Strip out all images, then restate the data verbatim.

###

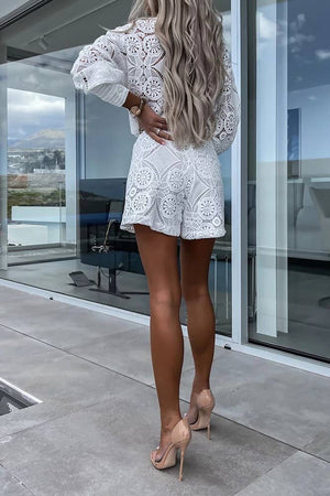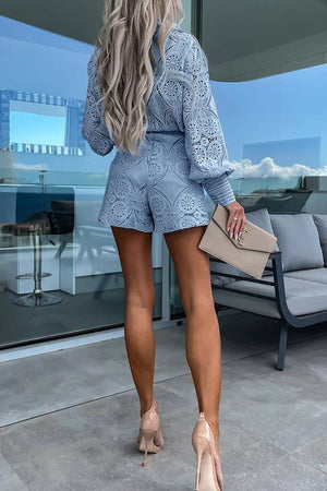 Chic Design: Effortlessly stylish with a full lace blouse and matching shorts, perfect for a trendy look. Versatile Wear: Mix and match the blouse and shorts for various occasions, from casual outings to evenings out. Comfortable Fit: Soft and breathable fabric ensures all-day comfort and ease of movement. Easy to Style: This set simplifies your outfit choices with a coordinated ensemble. Attention to Detail: Delicate button details and lace accents add a touch of elegance.
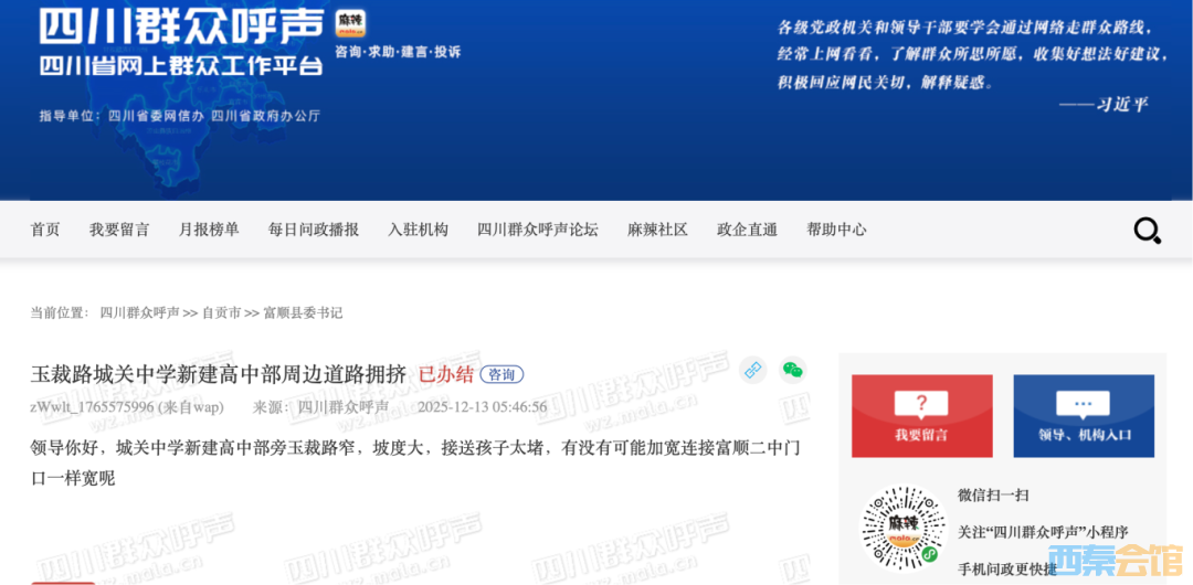 接送孩子太堵!富顺这里坡度大 + 道路窄!官方回复来了.....
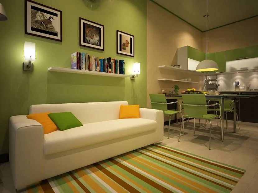 Отделить область кухни целесообразно и практично при помощи напольной плитки. А зону гостиной с помощью ламината, линолеума или ковролина. Усилить оптический эффект и придать интерьеру уюта поможет ковер на полу.
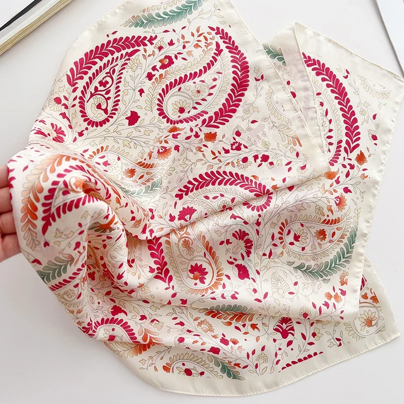 InjSquare-Foulard de Luxe en Satin Doux à Imprimé Floral pour Femme, Bandeau de Tête, Hijab, Sauna, Sac, Ruban |
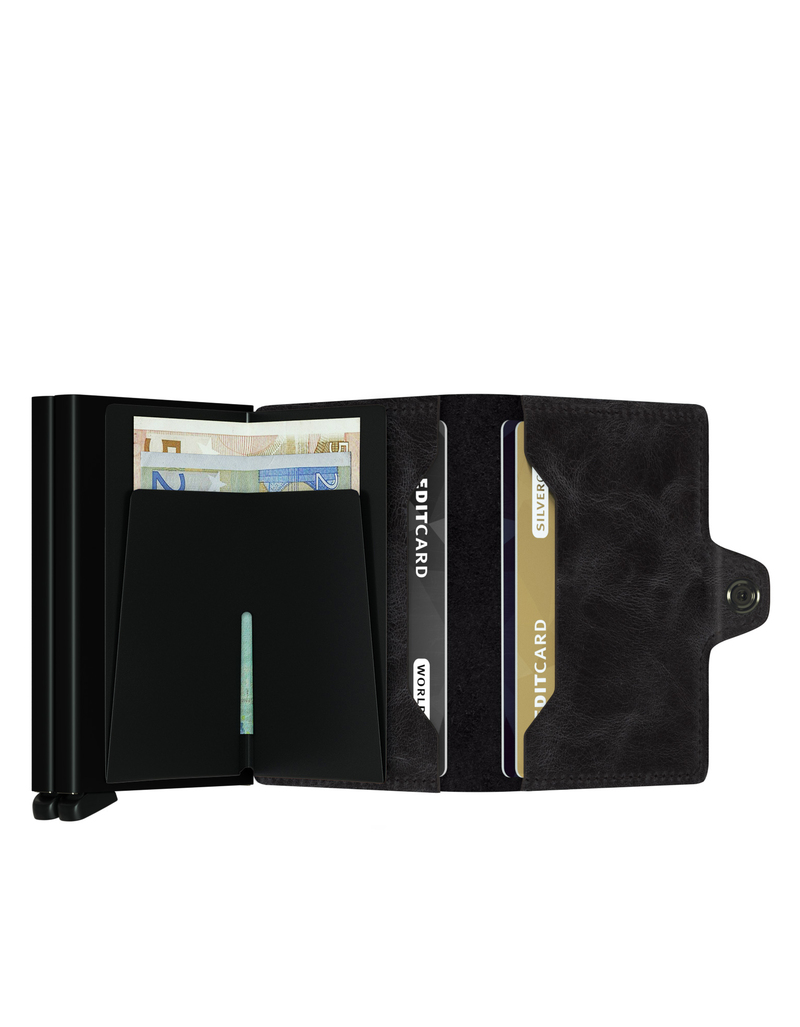 احمل أموالك وبطاقاتك بأناقة في محفظة سيكرايد توين فينتاج أسود واليت. إنه مصمم بكفاءة مع جيوب متعددة لتخزين كل هذه الضروريات بطريقة منظمة.

###

* [PROBLEM SOLUTION]:
 Chic Design: Effortlessly stylish with a full lace blouse and matching shorts, perfect for a trendy look. Versatile Wear: Mix and match the blouse and shorts for various occasions, from casual outings to evenings out. Comfortable Fit: Soft and breathable fabric ensures all-day comfort and ease of movement. Easy to Style: This set simplifies your outfit choices with a coordinated ensemble. Attention to Detail: Delicate button details and lace accents add a touch of elegance.
 接送孩子太堵!富顺这里坡度大 + 道路窄!官方回复来了.....
 Отделить область кухни целесообразно и практично при помощи напольной плитки. А зону гостиной с помощью ламината, линолеума или ковролина. Усилить оптический эффект и придать интерьеру уюта поможет ковер на полу.
 InjSquare-Foulard de Luxe en Satin Doux à Imprimé Floral pour Femme, Bandeau de Tête, Hijab, Sauna, Sac, Ruban |
 احمل أموالك وبطاقاتك بأناقة في محفظة سيكرايد توين فينتاج أسود واليت. إنه مصمم بكفاءة مع جيوب متعددة لتخزين كل هذه الضروريات بطريقة منظمة.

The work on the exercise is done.